Stocks finished with solid gains Friday, following declines in the past few sessions. Technology stocks led the way higher amid some upbeat comments from Intel (INTC) and Nvidia (NVDA).
The Dow Jones industrial average gained 113.3 points, or 1.33%, to 8,604.6. The broader Standard & Poor's 500-stock index was up 13.14 points, or 1.43%, to 933.41. Meanwhile, the tech-heavy Nasdaq composite rose 30.46 points, or 2.04%, to 1,520.15.
"The market is moving up on internal dynamics, which is always good," says Larry Wachtel, market analyst at Prudential Securities. "Coming off three slack days, this is nice."
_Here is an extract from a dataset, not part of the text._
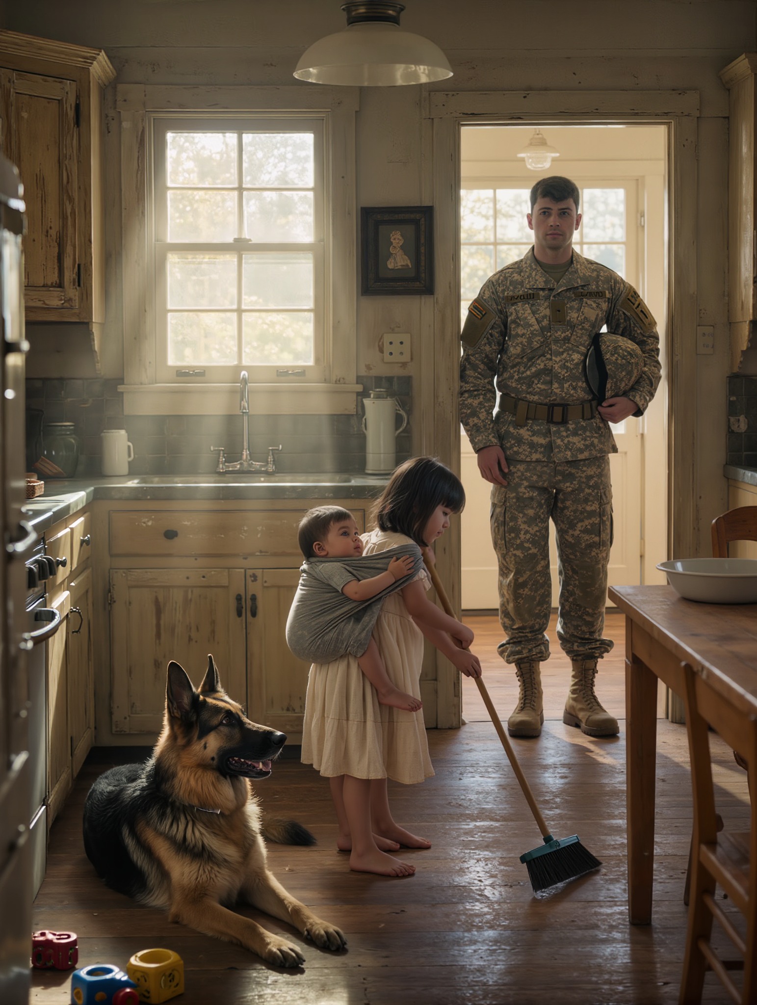 De herfstlucht in Virginia droeg de geur van brandende bladeren met zich mee toen sergeant Daniel Hayes eindelijk uit de bus stapte. Zijn uniform was gestreken maar verschoten, zijn laarzen versleten door het woestijnzand van Afghanistan. Hij was bijna twee jaar weggeweest en telde de dagen af ​​tot hij zijn familie weer zou zien. Toch werd hij, toen hij het kleine huis aan Oakwood Street bereikte, niet begroet door de warme omhelzing van zijn vrouw, maar door iets wat hem deed huiveren.

The tone and sentiment of the stock market seems to have improved over the past month or so, notes Michael Farr, president and chief investment officer at Washington, D.C.-based investment firm Farr, Miller & Washington LLC. "The market seems to be moving higher with the war behind us now, and price of oil is below $30 now, and earnings news and gains have passed," Farr says. "A lack of bad news allowed the market to move higher."
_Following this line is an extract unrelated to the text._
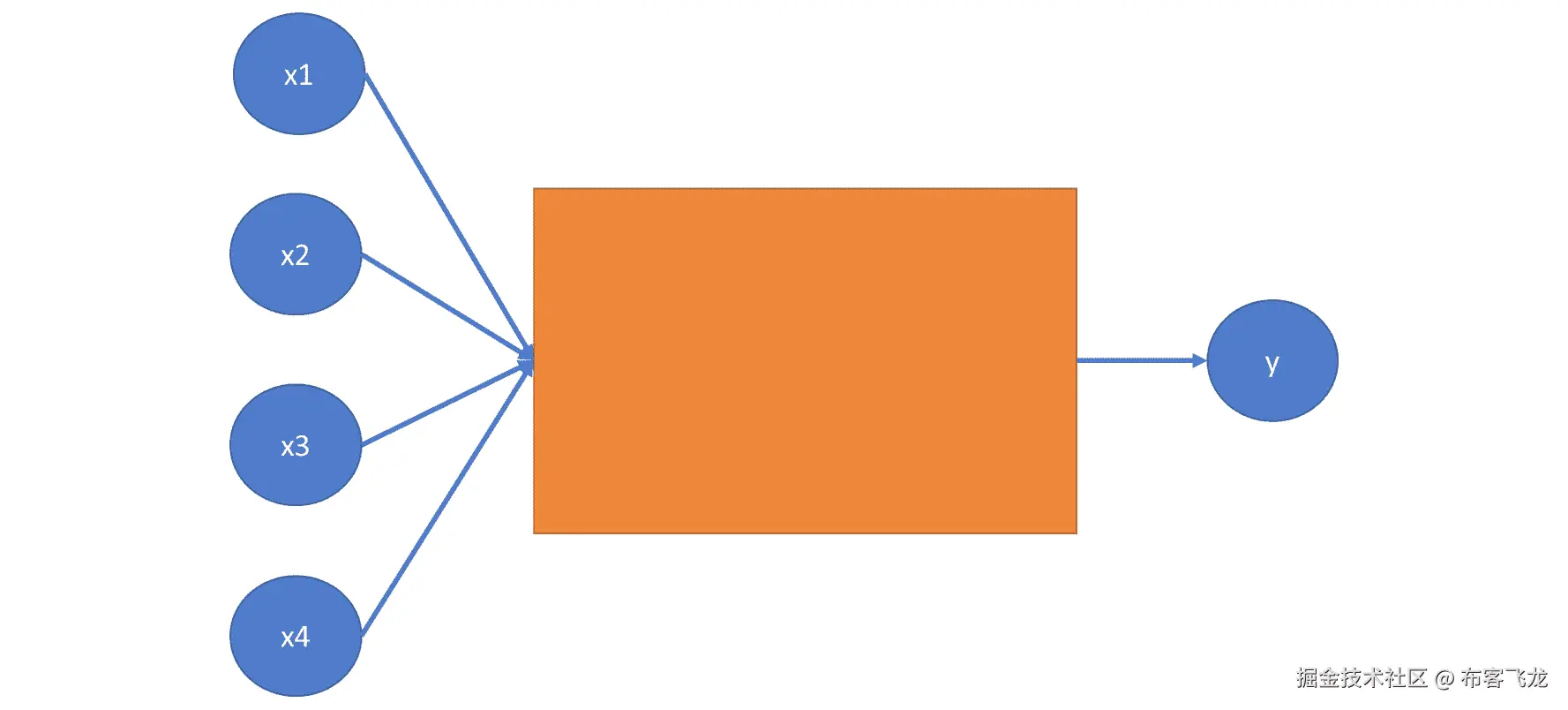 假设f是激活函数,x1,x2,x3和x4是输入,它们的和与权重w1,w2,w3和w4相乘:

Positive news in the tech sector Friday helped spark the cheery mood. A top executive from Intel told a German newspaper that the company expects a "slight" recovery in the personal computer industry.
Nvidia shares jumped nearly 35% after the company issued a bullish second-quarter revenue outlook. The graphics chipmaker posted first-quarter earnings per share of 12 cents, vs. 47 cents a year ago and a penny above the consensus forecast. Revenue fell 31%, partly reflecting slower shipments into Xbox video games, but the company forecasted second-quarter sales to rise as much as 18% from the first quarter.
Activision (ATVI) reported a fourth-quarter loss per share of 13 cents, vs. EPS of 17 cents, on a 24% revenue drop. The video game maker raised its first-quarter guidance to $140 million in revenues and a penny per share loss. For its second quarter, it sees $130 million in revenue and 5 cents in EPS.
In the telecom area, Qwest Communications (Q) rose on a report in The Wall Street Journal that it is in talks with the Securities and Exchange Commission to settle potential fraud charges regarding "swaps" of fiber-optic capacity with other telecom companies.
Among Dow components, Coca-Cola (KO) shares gained after Bear Stearns upgraded them to outperform from peer perform. Traditional cyclicals Caterpillar (CAT) and United Technologies (UTX), along with financial services outfit American Express (AXP), also helped support the Dow.
Next week, there are plenty of key economic reports to watch, including an update on the trade balance on Tuesday, retail sales for the month of April on Wednesday, and producer price index, weekly jobless claims, and industrial production and capacity utilization on Thursday. On Friday, there's a heavy dose of data including the consumer price index, housing starts, and University of Michigan consumer sentiment.
After a week of robust gains following the Federal Reserve's reference to deflation risks on Tuesday, Treasuries had a small hiccup Friday as stocks turned the tables, but quickly recovered from their shallow corrective dip, says MMS International. The yield on the benchmark 10-year note edged up to 3.70%.
The dollar traded mixed Friday-- it was weaker against the euro, but stronger against the yen amid rumors that the Bank of Japan was covertly massaging the dollar higher. Treasury Secretary Snow reiterated that he favors a strong dollar policy, but says that he has no dollar target in mind and the U.S. does not intervene as a general rule.
European markets were higher Friday, helped by gains in U.S. equities on some favorable high-tech news. London's FTSE 100 index was up 40.5 points, or 1%, to 3,969.4, even though UK Manufacturing fell 0.4% in March, the largest slide in five months. In France, the CAC 40 index rose 28.72 points, or 0.98%, to 2,967.89.
In Germany, the DAX index gained 70.51 points, or 2.44%, to 2,956.59, despite news that German industrial output fell more than expected 1.1% in March. BMW shares rose after Morgan Stanley raised earnings estimates for the automaker.
Asian markets finished higher. In Japan, the Nikkei index gained 120.61 points, or 1.50%, to close at 8,152.16. The market was lifted partly because the U.S. dollar recovered against the yen from the previous day's level. Also, Prime Minister Koizumi announced that he would hold a meeting with economic-policy-related ministers sometime next week.
In Hong Kong, the Hang Seng index rose 183.11 points, or 2.06%, to close at 9,084.16.